Attendu que le grief formulé par les requérants à l'encontre de l'arrêt attaqué est fondé, en ce que le défaut de motivation entraîne la cassation en application de l'article 345 du Code de procédure civile, et qu'il ressort de la copie de l'arrêt attaqué jointe au mémoire en cassation qu'il se compose de cinq pages selon sa pagination et qu'il n'est pas motivé du fait de l'absence de sa quatrième page, cette copie étant la même que celle parvenue à cette Cour après sa demande auprès de la juridiction dont il émane, ce qui entraîne sa cassation.
Attendu que le bon déroulement de la justice et l'intérêt des deux parties commandent de renvoyer l'affaire devant la même juridiction.
Pour ces motifs,
La Cour de cassation a cassé l'arrêt attaqué, et a renvoyé l'affaire et les parties devant la même juridiction pour statuer conformément à la loi, et a condamné le défendeur aux dépens.
Elle a également décidé de consigner son présent arrêt dans les registres de la juridiction dont il émane, à la suite du jugement attaqué ou de l'arrêt.
Royaume du Maroc
Cour de cassation
Et c'est ainsi que l'arrêt a été rendu et prononcé
en audience publique à la Cour de cassation à Rabat.
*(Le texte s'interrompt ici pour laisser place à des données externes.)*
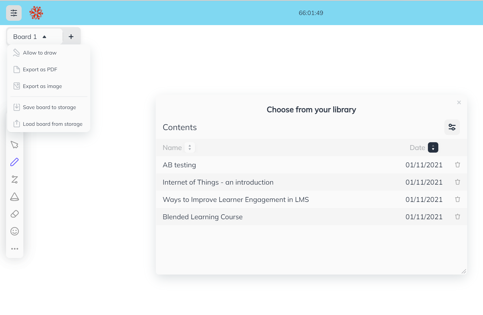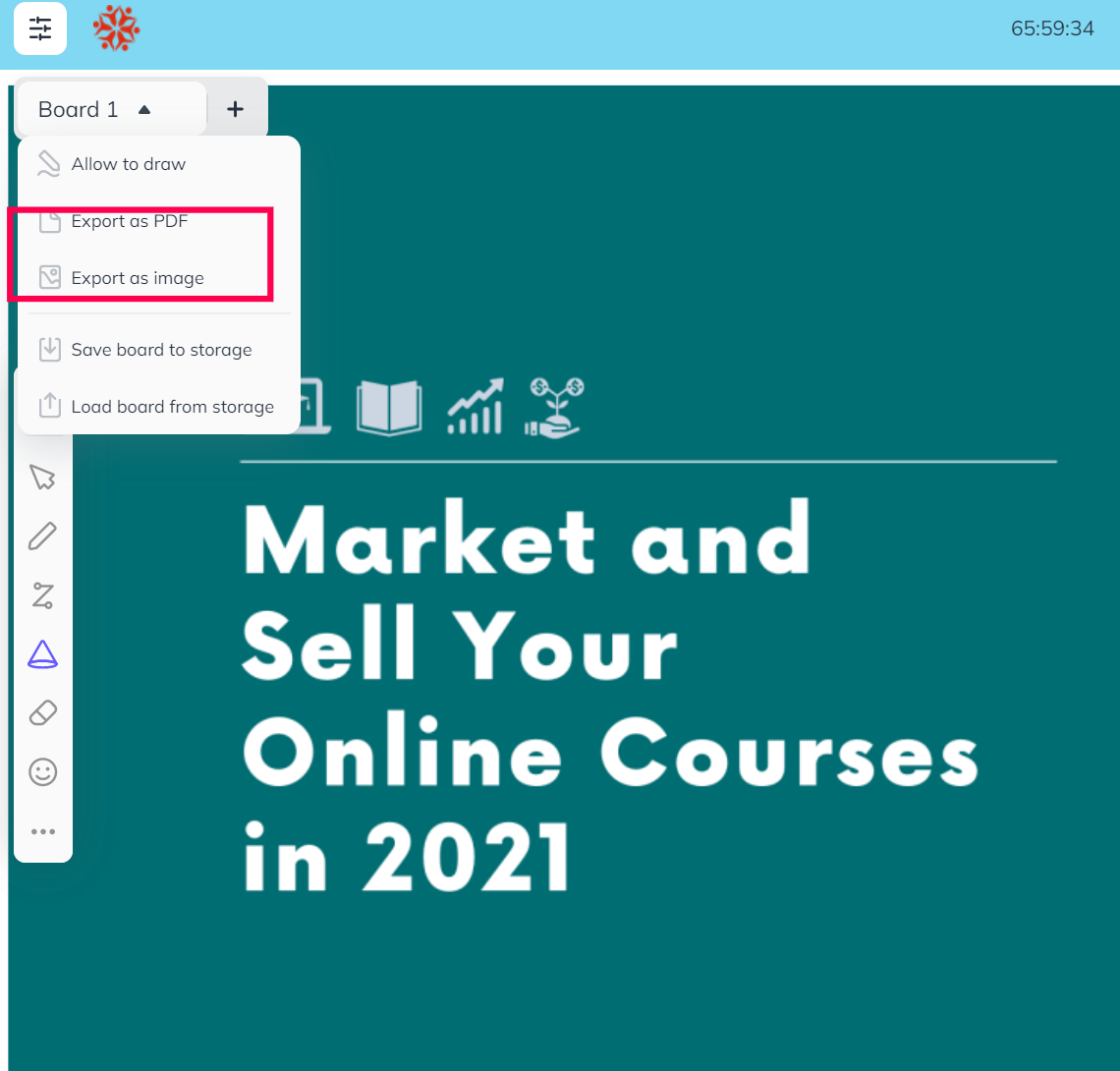 You have an option to save the specific whiteboard tab to cloud storage and load it in any whiteboard tab and in any live class session. This is a great way to quickly show the whiteboard tab without repeating the same content again in another class.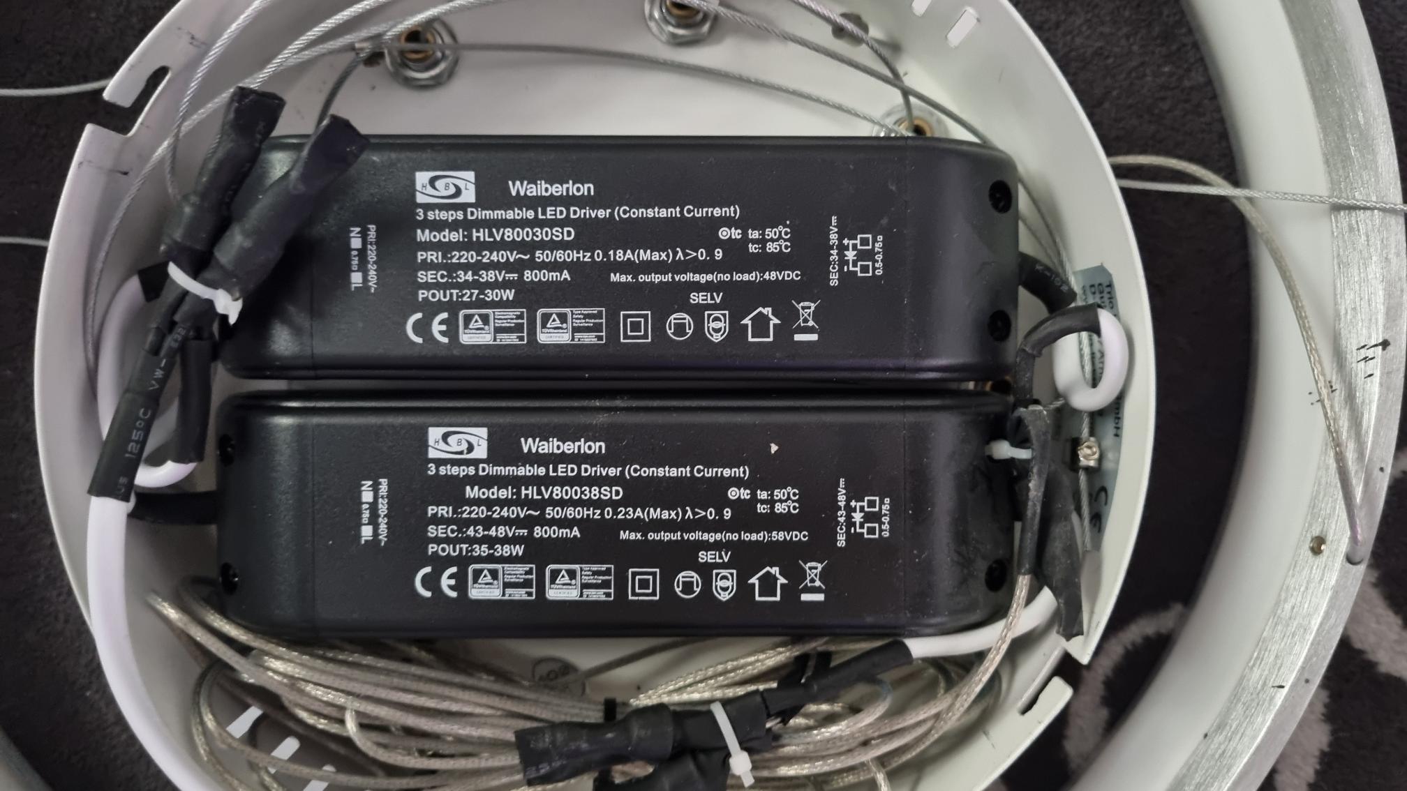 Es ist eine 3-flutige-Leuchte. Die beiden inneren Ringe werden über den 35-38Watt Driver versorgt, der äußere Ring, welcher ab und zu das flackern anfängt, über den 27-30Watt Driver. Wäre es möglich beide Diver gegen einen neuen zu tauschen? Die Ausgangspannungen sind allerdings unterschiedlich, was dann vermutlich bescheiden aussieht.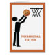 Basketballspieler mit vertikaler Grußkarte mit minimalistischem Symbol einer schwarzen Silhouette eines Basketballspielers, der versucht, den orangefarbenen Ball in den Basket zu setzen und den Text auf weißem Hintergrund mit einem Rand in der gleichen Farbe des Balls. Personalisieren Sie es und fügen Sie den Text "Bester Basketballspieler" oder Monogramm, Name oder Ihre Nachricht. Das perfekte Geschenk für den Basketballspieler oder Liebhaber in Ihrem Leben. Einige Elemente mit freundlicher Genehmigung von vectorportal.com.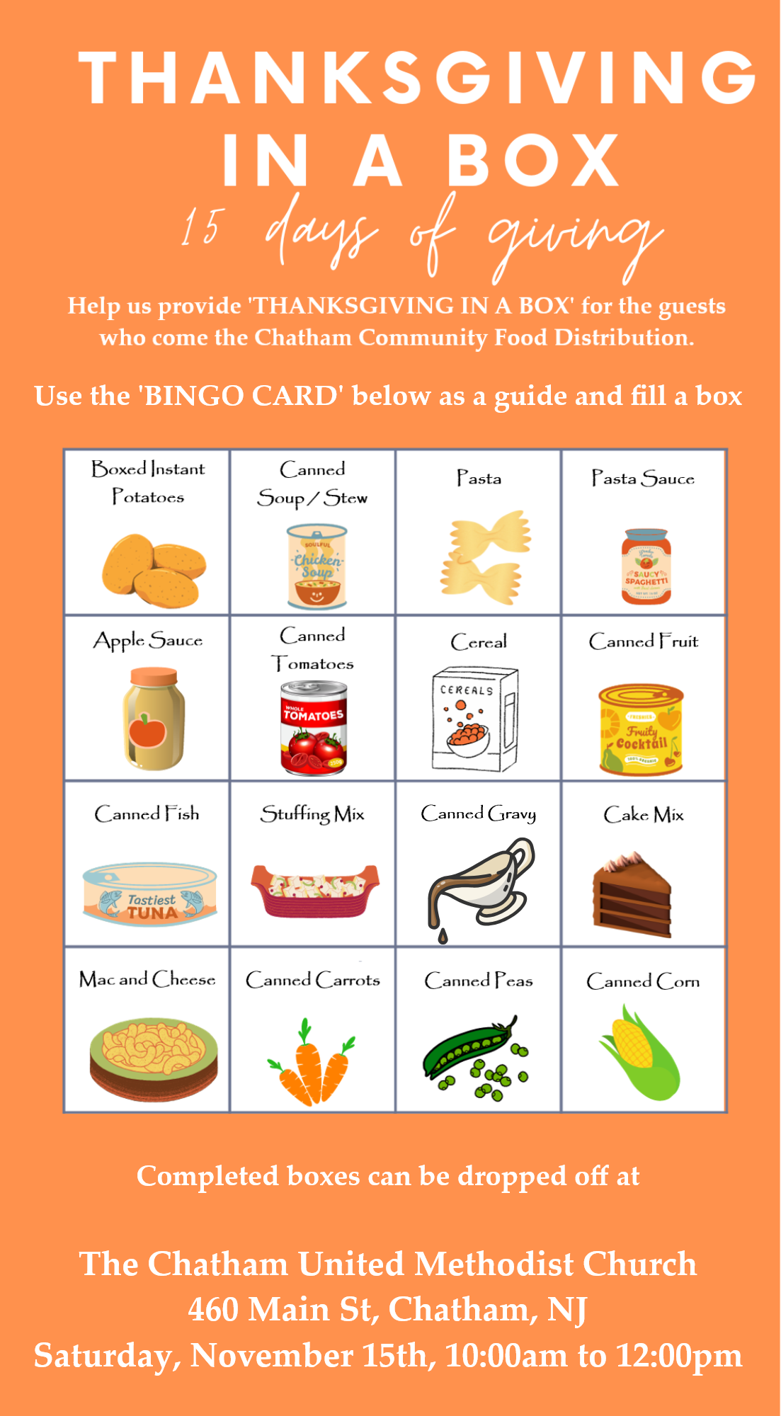 - Nov 15th - Thanksgiving Food Baskets collection and sorting 10:00 am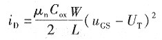 式中,UT為開啟電壓(或閾值電壓);μn為溝道電子運動的遷移率;Cox為巾位面積柵極電容;W為溝道寬度;疋為溝道長度;W/L為MOSFET的寬長比。在MOSFET集成電路設(shè)計中,寬長比是一個極為重要的參數(shù)。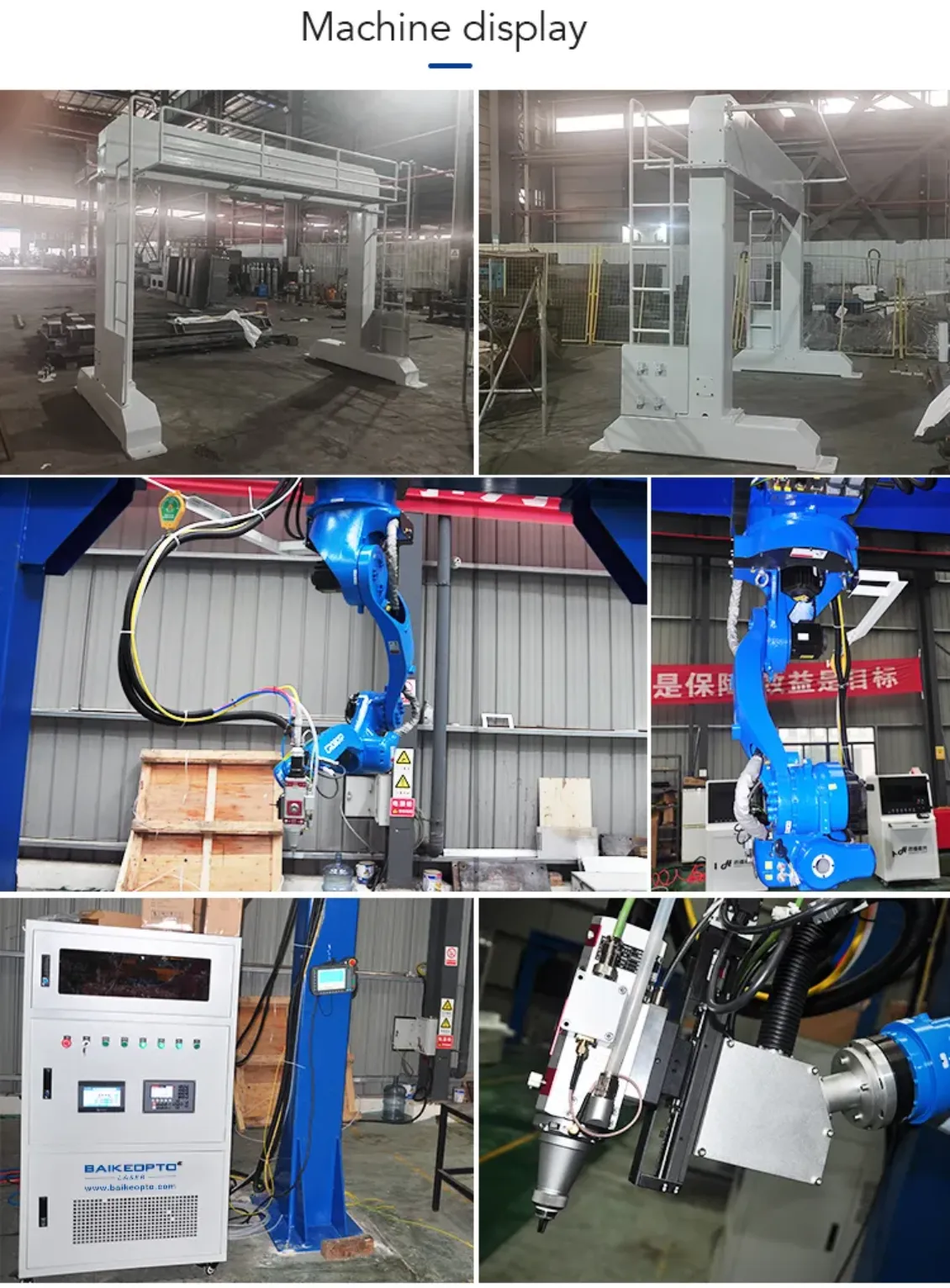 1.What materials can be cut by the 3D laser cutting machine? It's widely used in metal and non-metalic materials, such as stainless steel, carbon steel, aluminum alloy,brass, titanium alloy, rubber, plastic, etc. 2.What are the main components of this machine? The main components are: laser source, robot arm, water cooling system, control system, cutting headcutting platform, etc. 3.How about the cutting precision and speed? The accuracy is up to 0.05mm, and speed is 12m/min at most. 4.How to choose the right power of 3D laser cutting machine? It depends on the material and thickness, for example, the power of 1000w-3000w is suitable for cuttingstainless steel plate with 0-8mm, Please inform our personal consultant ofyour cutting needs and recom.mend the best solution for you. 5.What are the advantages of 3D laser cutting compared to traditional processing? High precision, fast effciency( 3-5 times faster than the traditional way), high flexibility, high cutting quality. 6.How about the shipment? It is packed in a stable and hard wooden case, with shockproof treatment, suitable for land or sea transporta. 7.How to install after receiving the goods? There are detailed product manuals, including detailed installation quides, and there are also engineers whocan teach the installation online and remotely in real time. 8.How long is the warranty period? It's one year. And don't be worry ,even after the warranty, there will be a special engineer to help. 9.Do you support customization or OEM/OED? Yes, we can tailor the service to your needs 10.What other products do we have? Fiber Laser Cutting Machine, Laser Cleaning Machine, Laser Welding Machine, Laser Marking Machine andWall Printing Machine. |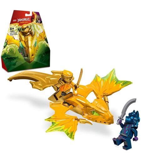 Les enfants dès 6 ans peuvent recréer leurs scènes préférées de la saison 2 de la série télévisée NINJAGO® Le soulèvement des dragons avec L'attaque du dragon rebelle d'Arin (71803). Ils vont adorer construire ce jouet d'action dragon LEGO NINJAGO, puis appuyer sur la queue dorée du dragon afin de les envoyer au combat. Constituant un beau cadeau, ce set de dragon inclut 2 minifigurines : Arin dragon rebelle avec un katana et un dragon sur lequel il peut s'envoler, et un Guerrier au masque de loup avec son sabre. Les enfants peuvent rejouer des combats épiques afin de remporter l'élément de pouvoir du dragon vert vif qui se trouve dans la bouche articulée du dragon jaune. La gamme de sets de construction LEGO NINJAGO inclut des robots, des véhicules et des temples qui encouragent les fans à inventer une foule d'histoires avec leurs héros (sets vendus séparément). L'appli LEGO Builder vous permet de vivre une aventure de construction simple et intuitive avec votre enfant. - Un dragon débordant d'action pour enfants - Les garçons et les filles dès 6 ans peuvent rejouer les combats de la saison 2 de la série télévisée NINJAGO Le soulèvement des dragons avec le dragon volant de L'attaque du dragon rebelle d'Arin - Un jouet d'action ninja - Les enfants peuvent placer Arin dragon rebelle sur le dos du dragon jaune et appuyer sur sa queue dorée pour les propulser dans les airs - 2 minifigurines LEGO NINJAGO - Ce set ninja inclut une minifigurine d'Arin armée d'un katana miniature pour mettre en scène des combats contre un Guerrier au masque de loup doté de son propre sabre - Élément de pouvoir du dragon vert vif - Ce fantastique dragon jaune tient un élément de pouvoir du dragon vert vif dans sa bouche - Cadeau ninja - Ce set LEGO NINJAGO, parfait pour construire et jouer, est un beau cadeau à offrir à un enfant en toute occasion - Des aventures extraordinaires avec les ninjas - Découvrez d'autres modèles LEGO NINJAGO (sets vendus séparément) pour organiser des courses encore plus passionnantes - Tout un univers de jouets ninjas pour enfants - Les robots, véhicules et temples des sets LEGO NINJAGO permettent aux enfants de s'évader dans un univers fantastique débordant d'aventures aux côtés de leurs héros ninjas - Dimensions - Ce set ninja de 27 pièces inclut un dragon qui mesure plus de 2 cm de haut, 18 cm de long et 18 cm de large ...

La formation de jugement était composée du président de chambre, Monsieur Hassan Mouncif, président, et des conseillers Messieurs Abdelouahab Aflalani, rapporteur, Mohamed Israji, Mohamed Chafi et Samir Radouane, membres, et de Monsieur le procureur général Rachid Sadouk, assisté de la greffière, Madame Ibtissam Zougari.
L'audience s'étant tenue à la date susmentionnée dans la salle d'audience.